Algunos colegas me habían contado maravillas de Buenos Aires. «Es como una ciudad europea», me decían. Y tenían razón, Buenos Aires es muy «europea», especialmente en sus precios, que están por las nubes. Lamentablemente, la calidad de sus servicios es la de un país mucho más atrasado que México. ¿Les confieso algo? La visita a Argentina me subió la moral. A mi regreso, encontré a México más limpio, más trabajador, más ordenado, más desarrollado.
Por supuesto, se trata de una impresión basada en un viaje de diez días y una rápida visita a dos ciudades. Antes de que los lectores me masacren, acoto mis afirmaciones. Reconozco que no es sino una impresión subjetiva y poco científica. Tal vez mis anfitriones –un funcionario cultural y un pequeño empresario, ambos porteños– alentaron esa imagen negativa.

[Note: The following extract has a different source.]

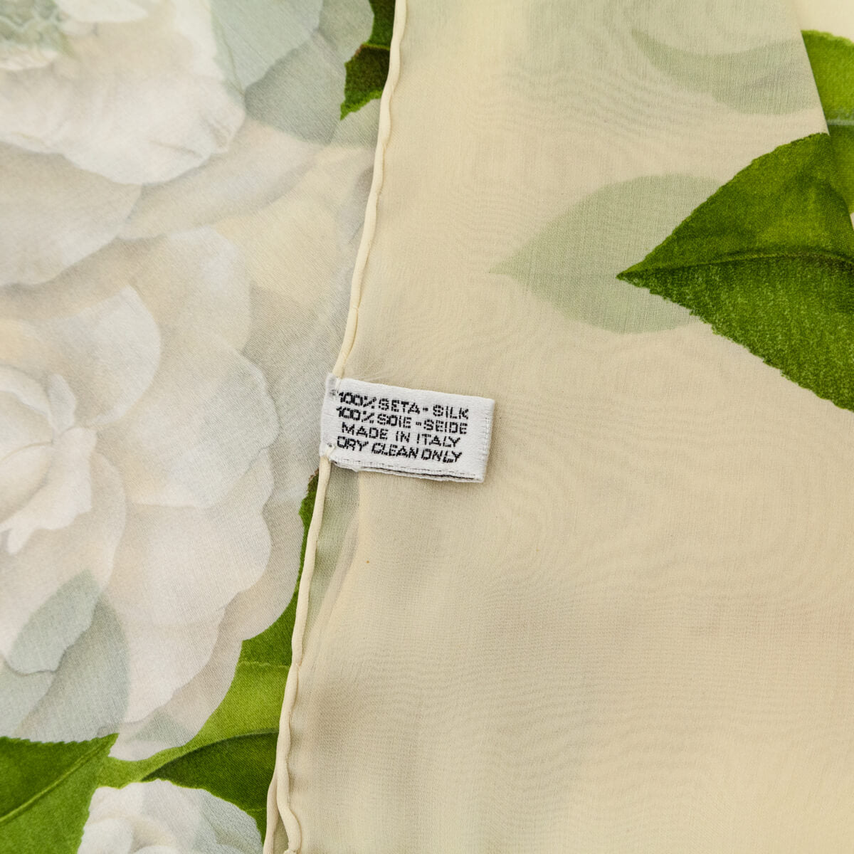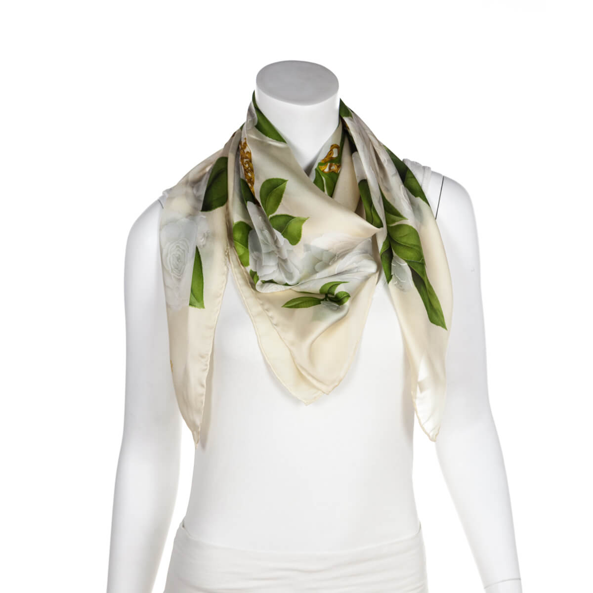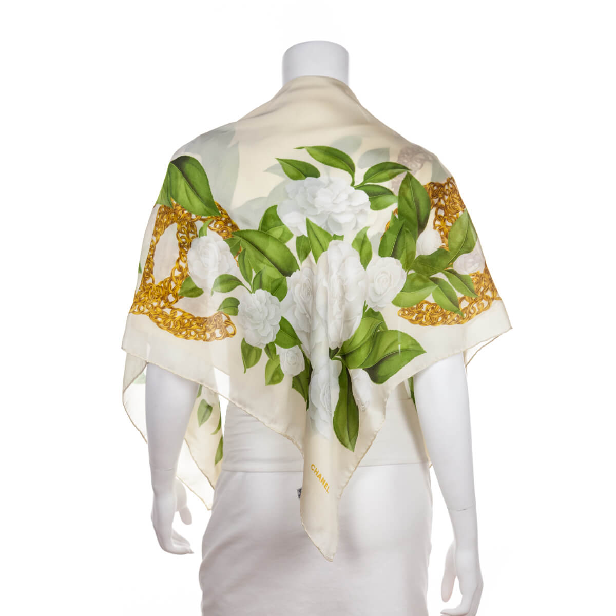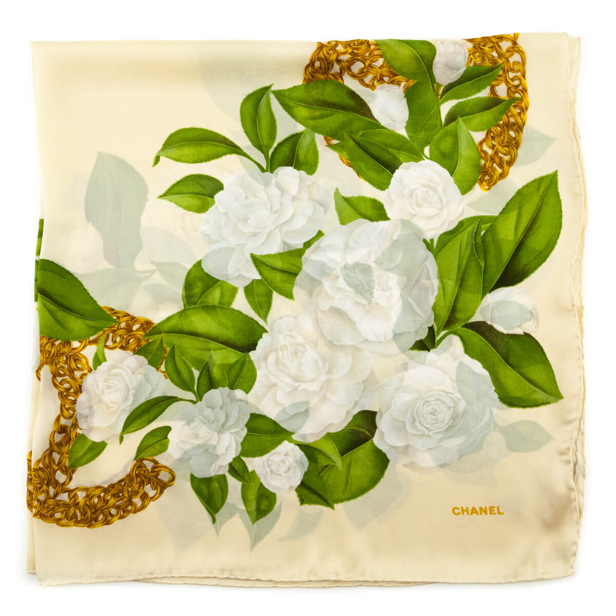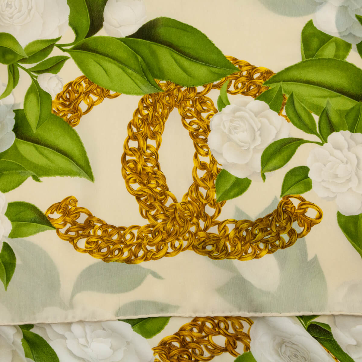 This Chanel Camellia scarf is a versatile statement piece displaying a gorgeous floral print that perfectly captures the French brand's chic aesthetic. Crafted in Italy, this delicate beige silk chiffon designer scarf showcases numerous white camellia flowers, with large gold chain-link CC logos intertwined for some lightly contrasting edge. A small gold Chanel logo embellishes the bottom right corner, and tonal hand-rolled edges complete the look of this Chanel Silk Scarf. Style this luxury scarf with a beige tweed blazer, leather loafers, and your favorite shoulder bag for a sophisticated dinner date look.

Mis guías me hacían notar una y otra vez los mil y un aspectos disfuncionales de Argentina, desde su avasalladora e ineficaz burocracia hasta sus destartalados y polvorientos museos. Sé que soy crítico y pesimista, pero mis anfitriones me superaron con creces. Me sorprendió, por ejemplo, que en una ciudad con vocación turística, en plena temporada alta, la mayoría de los museos cierren dos días a la semana (lunes y martes) y con un horario de 14:00 a 19:00. ¿Ustedes lo entienden? Yo no.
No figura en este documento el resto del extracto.